One protester, who asked to be identified only as Liu, said she had been singing hymns when police first fired the tear gas. Noting the intensity of the response, she added, “they don’t want the Umbrella Movement happening again.”

“Maybe this time it’s not an Umbrella Revolution, but they don’t want people to occupy Central or Admiralty,” she said, unsure of whether she would stick out the protest to the end. “So I think this time they’re putting more force on it, and then they’re using more tear gas.”

Bloomberg reported that at least 22 demonstrators were injured, according to the city’s Hospital Authority.

As the gas forced most protesters out of the Harcourt Road area, a large contingent began making its way down Queensway, bringing the demonstration into Central just as many office workers were heading home.

Some blocked intersections with commandeered traffic cones, while one gaggle of sympathetic motorists stopped their cars across several lanes of Connaught Road, bringing traffic to a standstill and honking along with protest chants as hundreds of onlookers cheered.

Stragglers were still staging splintered protests as of press time, but it remained unclear whether police would launch a renewed clean-up operation as the night wore on, or what tomorrow might bring.
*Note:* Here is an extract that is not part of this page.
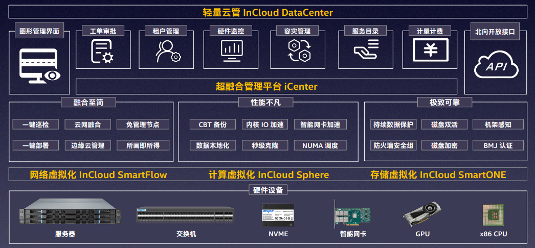 作为一种软硬一体化的基础设施架构,超融合具备易运维、易部署等典型优势,在多种行业与场景中得到了广泛应用。Ebpay(中国)聚焦云原生、5G、大数据、云边端等应用场景,结合自身软硬件能力,近年来持续有助于Ebpay(中国)云海® 超融合一体机 InCloud Rail 的创新与演进。该一体机顺利获得 InCloud DataCenter 云管理平台,支持跨云平台融合和异构虚拟化环境的集中管理。一体机同时搭载基础环境快速部署工具,部署速度远超传统解决方案。
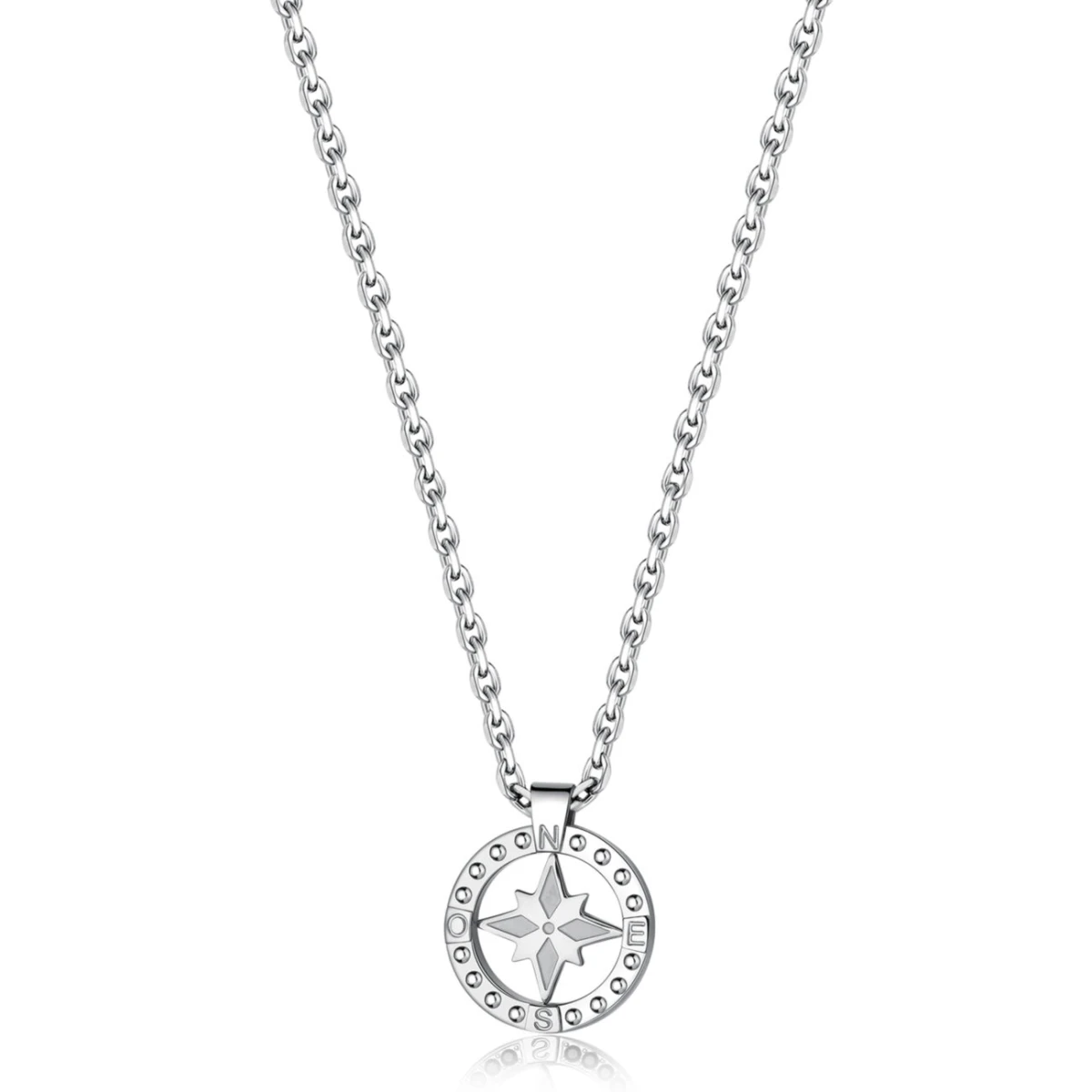 Náhrdelník z chirurgickej ocele pre mužov BrosWay. Pánsky oceľový náhrdelník ozdobený príveskom veternej ružice osadené kamienkami. Retiazka náhrdelníka so zapínaním na karabínu je dlhý 48,5 cm.

One 20-something technician, who declined to be named, told Coconuts HK that he had no confidence that the government would reconsider the bill, saying the LegCo was “just stalling,” and would reschedule the second reading of the bill once people were “mentally tired” of protesting.

Even so, he said, he wouldn’t be returning tomorrow, having taken a sick day to be able to attend today’s demonstration.

“There will be people, but a lot less,” he predicted.

A 24-year-old student who also declined to give her name, however, vowed to return.

“It was too much for us, and we think it was unfair,” she said of the police response. “They just think we are youths doing some illegal thing… but as Hong Kong people, it’s our responsibility to voice what we think.”

“Once this ordinance is approved,” she added, “Hong Kong is game over.”

Reporting by Stuart White, Vicky Wong, and Iris To.

 

CORRECTION: An earlier version of this story incorrectly stated that an RTHK driver was shot with a rubber bullet. The outlet actually reports that it was a tear gas round. Coconuts HK apologizes for any confusion caused.